Читать книгу Die Angst der alten Dame - Rebecca Michéle - Страница 5
DREI
ОглавлениеGegen halb eins kehrte Sandra nach Higher Barton zurück. Eliza Dexter sah ihr fragend entgegen. Sie brannte darauf, zu erfahren, was Sandra an der heiligen Quelle erlebt hatte.

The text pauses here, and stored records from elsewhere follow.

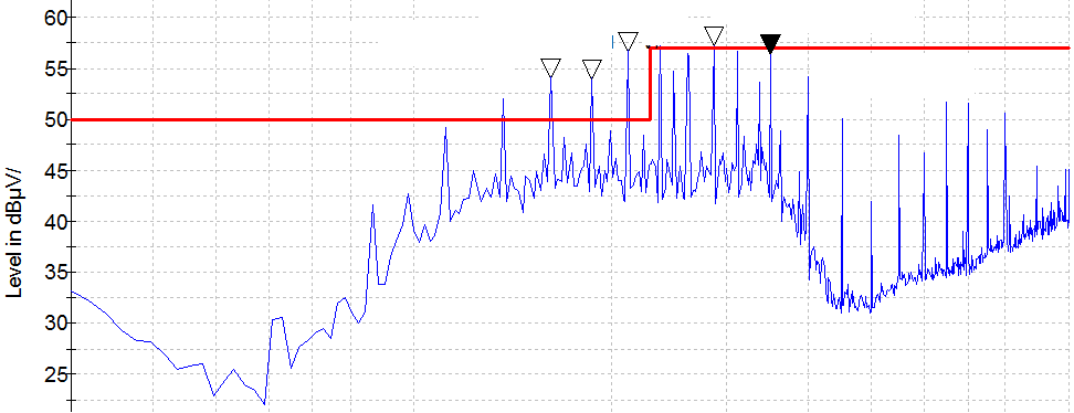 圖1 早期串口屏輻射發(fā)射騷擾度波形
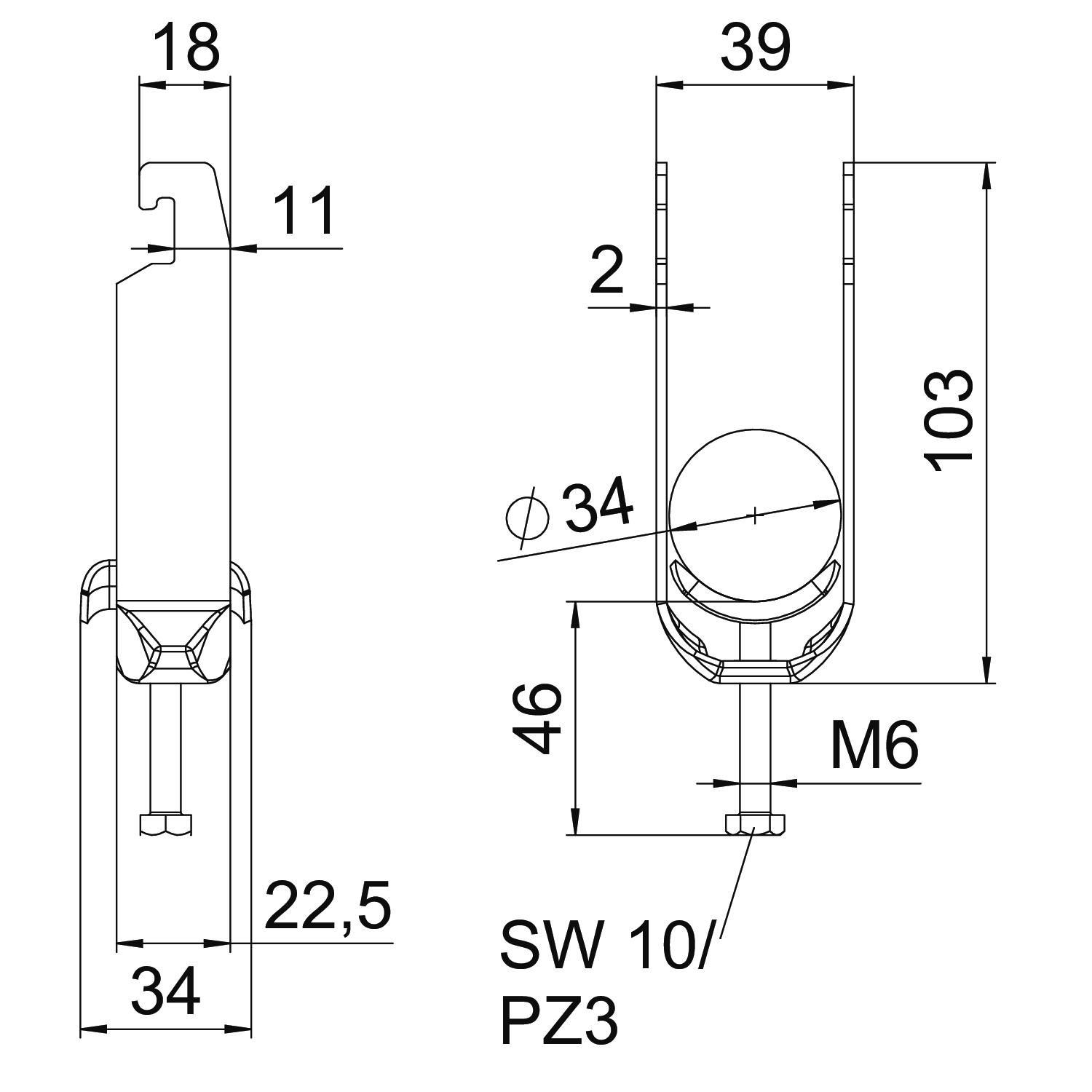 Opis proizvodaLučna obujmica sa U-stopom, metalno pritisno korito sa zaobljenim ivicama radi zaštite kabla. Za vertikalnu i horizontalnu montažu 3 pojedinačna kabla na C-profilnu šinu. Za širinu proreza 18 - 22 mm. Pomoću zavrtnja sa 1-strukim navojem pričvrstiti na pritisno korito, univerzalna šestostrana glava zavrtnja SW10, sa ravnim ili krstastim prorezom. Pogodno za montažu u zatvorenom i na otvorenom prostoru. Više kablova treba odvojiti dvostrukim koritom. Preporučuje se upotreba kontrakadice
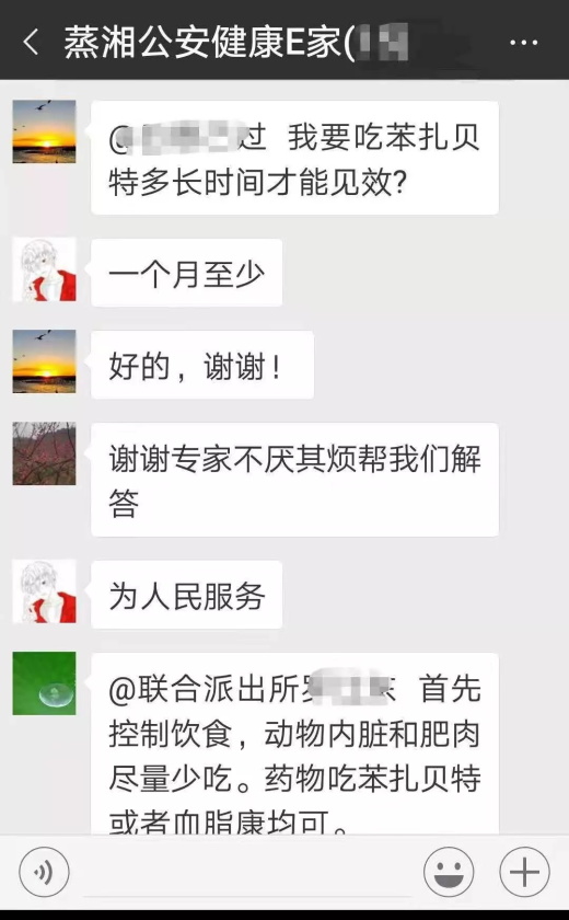 在做優(yōu)硬件的同時(shí),蒸湘分局還建立了“蒸湘公安健康E家”微信群,并邀請(qǐng)衡陽市中心醫(yī)院副院長、心血管專家劉小平教授,南華附一醫(yī)院心血管內(nèi)科主任劉廠輝教授和韶關(guān)市人民醫(yī)院糖尿病科主任鄧國寶教授入群指導(dǎo),向民警提供科學(xué)建議、用藥咨詢和線下會(huì)診,為民警尋醫(yī)問診提供了極大的方便。
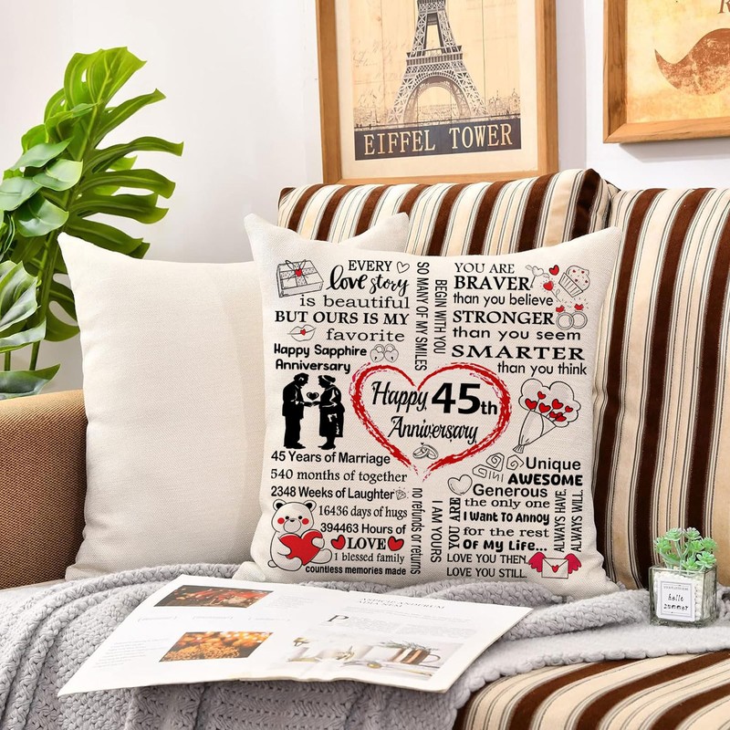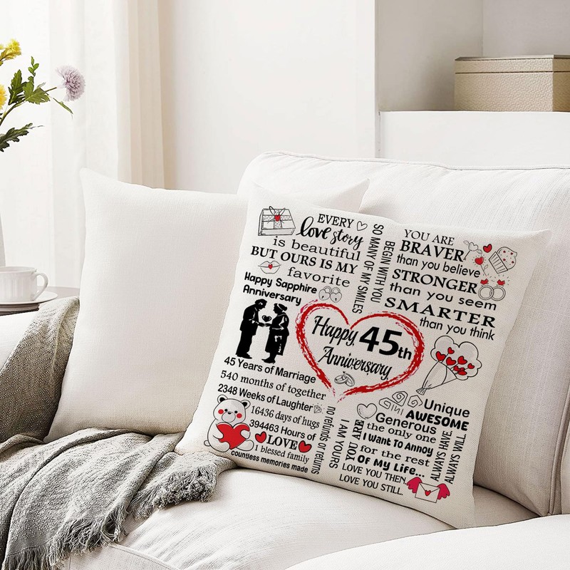 ✨ The 45th Wedding Anniversary Cushion Cover is a gift that will make who received gifts feel like you are by their side.

»Die Nachricht war kein Scherz, allerdings musste ich versprechen, außer Christopher Bourke niemanden ins Vertrauen zu ziehen.«
Eliza riss die Augen auf. »Das hört sich ja geheimnisvoll an!«
Sandra winkte ab. »Wohl eher nicht.«
»Sandra, Mr Shaw möchte Sie sprechen«, sagte Eliza zusammenhangslos. »Seit einer Stunde wartet er im Büro.«
»Shaw?«, fragte Sandra verwundert. »John Shaw vom Three Feathers?«
Eliza nickte und raunte: »Er ist sehr aufgeregt und meint, es sei ungemein wichtig, dass er mit Ihnen spricht.«
Sandra konnte sich nicht vorstellen, was der Inhaber des Hotels Three Feathers in Lower Barton mit ihr zu besprechen hatte. Nachdem Sandra das Higher Barton Romantic Hotel übernommen hatte, war John Shaw über die Konkurrenz wenig erfreut gewesen, da das Three Feathers das einzige Hotel in einem Umkreis von zehn Meilen gewesen war. Shaw hatte aber schnell erkannt, dass er und Sandra unterschiedliche Klientel beherbergten. In Shaws Hotel stiegen vorrangig Geschäftsreisende ab oder Leute auf der Durchreise, die nur für eine Nacht blieben. Higher Barton hingegen lag drei Meilen außerhalb des Ortes, hierher kamen Gäste auf der Suche nach Ruhe und Erholung. Aus für Sandra unverständlichen Gründen hatte Shaw dann versucht, mit ihr zu flirten. Seitdem er eingesehen hatte, dass er bei Sandra nicht landen konnte, zumal ihre und Christophers Beziehung in Lower Barton bekannt geworden war, verband Sandra und Shaw zwar keine Freundschaft, aber ein kollegiales Miteinander.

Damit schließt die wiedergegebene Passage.